BEGIN

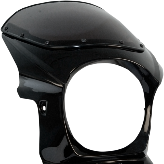 Caracteristicas: Gloss black headlight fairing with dark tinted windshield provides a racer feel Easily installs on side mount 7" headlights using provided mounting holes
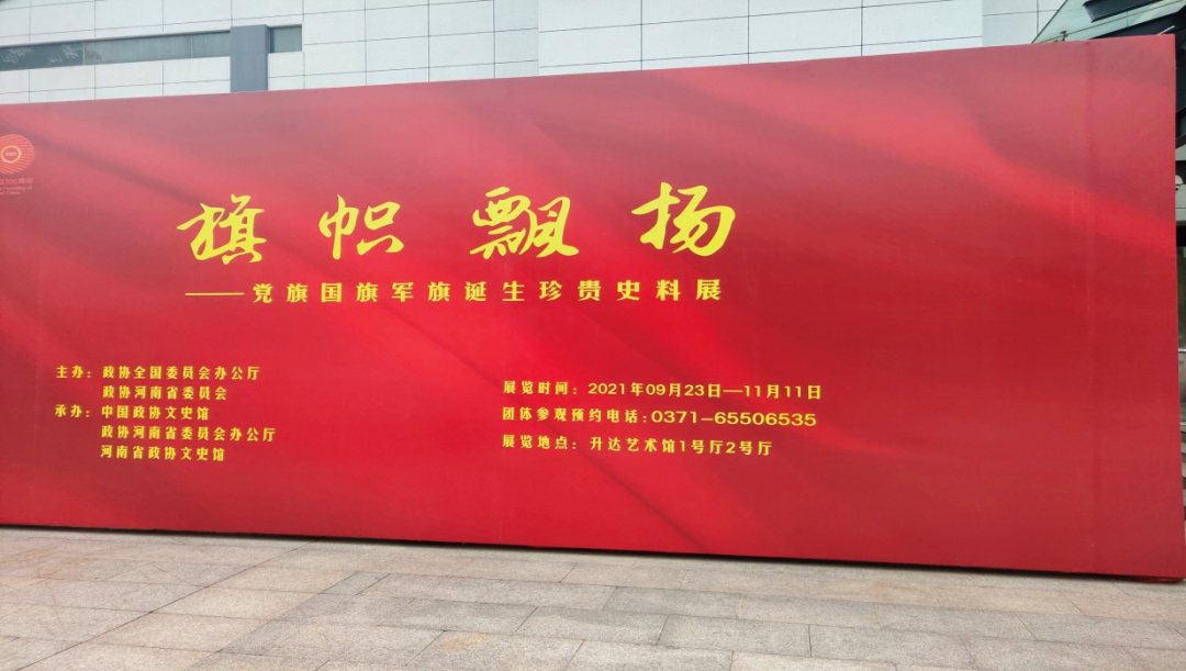 此次史料展由全國政協主辦,近期在河南巡展。展覽綜合運用圖片、檔案實物、多媒體視頻,多角度全景式展現黨旗國旗軍旗誕生過程,用黨的實踐創造和歷史經驗鼓舞斗志、啟迪智慧、凝聚力量。
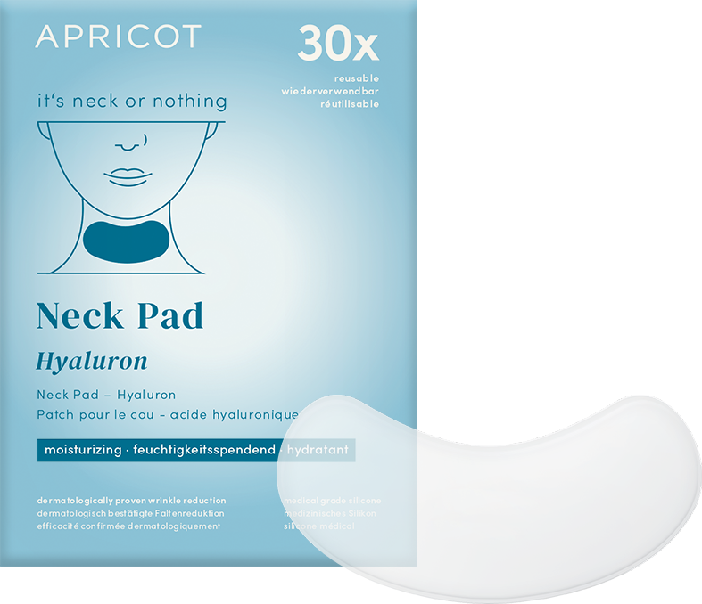 This anti-ageing neck pad made of medical-grade silicone by APRICOT provides the skin on the neck with long-lasting moisture. Low-molecular hyaluronic acid is absorbed deep into the skin and provides intensive nourishment. The pads can be reused up to 30 times.
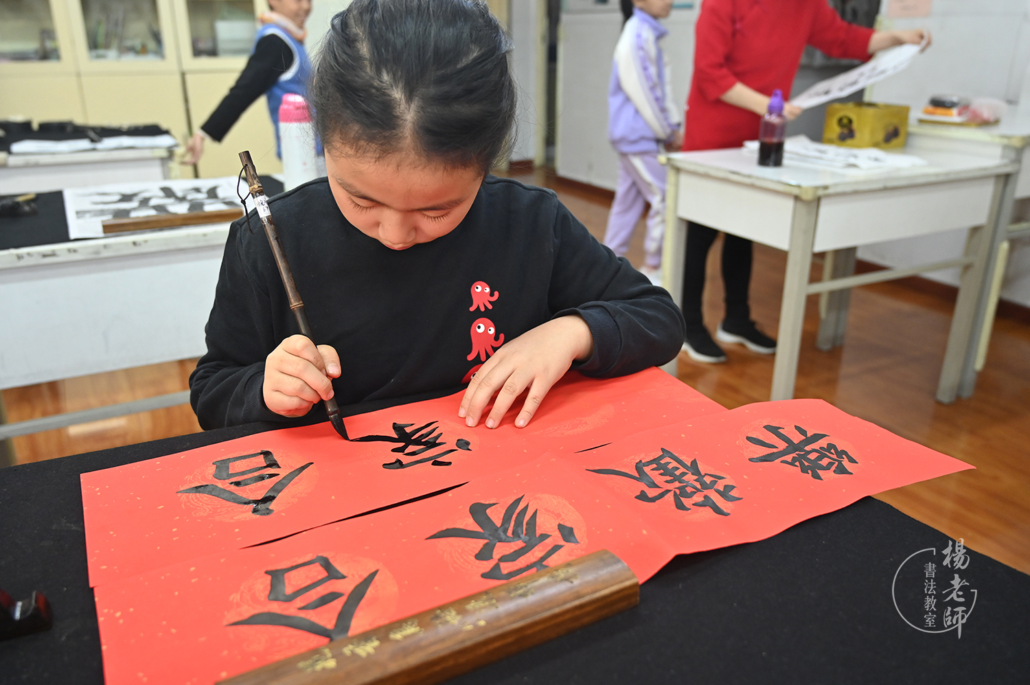 窗外的凜凜寒風(fēng),絲毫沒有減弱同學(xué)們對書法滿滿的赤誠之心。
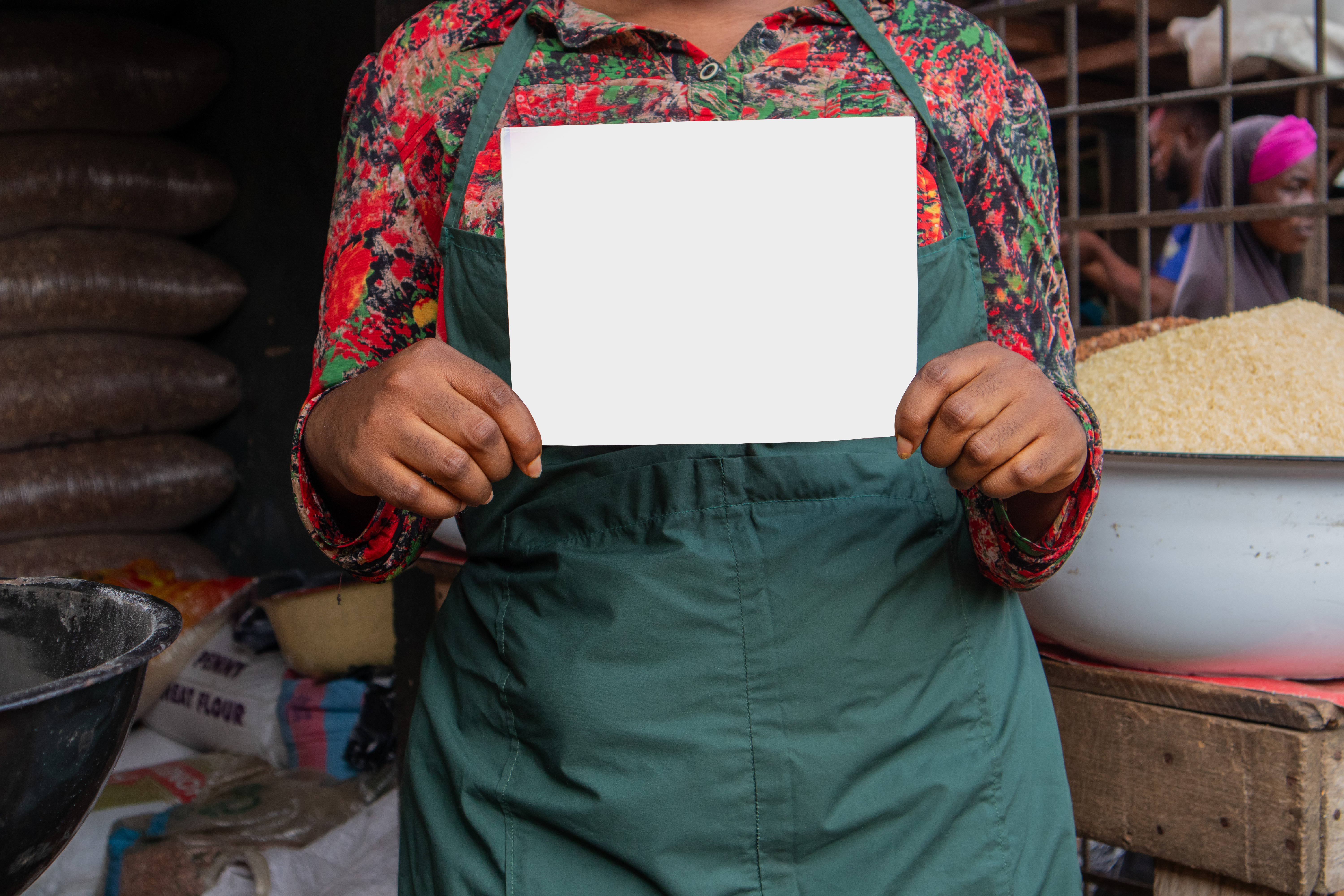 African Market Woman Holding a Placard in a Traditional Marketplace

END

◆ TRY IT:
Give again, exactly, the lines starting at the first entry above and ending at the line with "此次史料展由全國政協主辦,近"; please leave pictures out.

◆ SOLUTION TO THIS TASK:
 Caracteristicas: Gloss black headlight fairing with dark tinted windshield provides a racer feel Easily installs on side mount 7" headlights using provided mounting holes
 此次史料展由全國政協主辦,近期在河南巡展。展覽綜合運用圖片、檔案實物、多媒體視頻,多角度全景式展現黨旗國旗軍旗誕生過程,用黨的實踐創造和歷史經驗鼓舞斗志、啟迪智慧、凝聚力量。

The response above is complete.